PROBLEM. Any picture in the range stays out of the copy; retype exactly the lines from the one with "Покрывало детское и" to the end of the listing.

SOURCE MATERIAL.
________________________

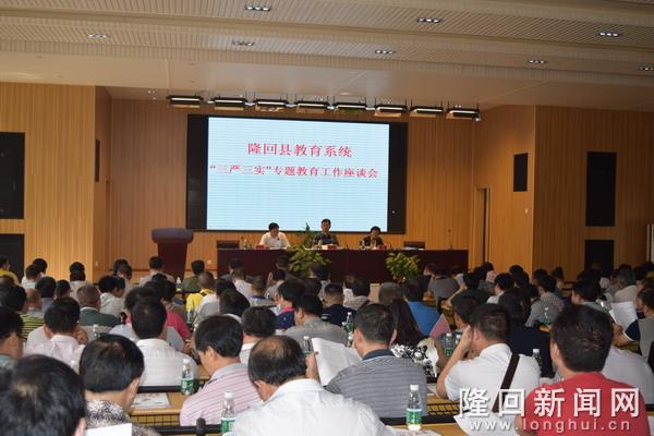 隆回新闻网讯(通讯员 周国华 马珏)7月26日上午,隆回教育系统在九龙学校召开“三严三实”专题教育工作座谈会,县委副书记陈历贤作专题党课报告,副县长刘芬主持会议并讲话,教育局党委书记、局长彭和生对当前工作进行部署安排。各乡镇中心学校校长、书记、政工副校长、教学副校长,乡镇初中学校校长、中心小学校长,桃洪镇中心学校下辖法人代表校长,县直学校(含民办学校)校长、书记,教育局局务会成员参加会议。
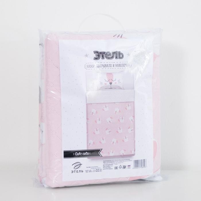 Покрывало детское и наволочка Этель 1,5 сп «Cute cats», 145×210 ±5 см, 40×60 см, микрофибра
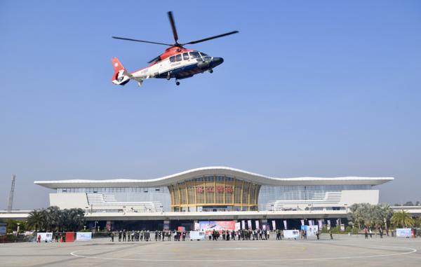 A primeira viagem de helicóptero sobre o Estreito de Qiongzhou estreou na segunda-feira, conectando esta??es ferroviárias em Zhanjiang, província de Guangdong, e Haikou, província de Hainan. (Foto: Lang Shuchen/China Daily)

________________________

TASK RESULT.
 Покрывало детское и наволочка Этель 1,5 сп «Cute cats», 145×210 ±5 см, 40×60 см, микрофибра
 A primeira viagem de helicóptero sobre o Estreito de Qiongzhou estreou na segunda-feira, conectando esta??es ferroviárias em Zhanjiang, província de Guangdong, e Haikou, província de Hainan. (Foto: Lang Shuchen/China Daily)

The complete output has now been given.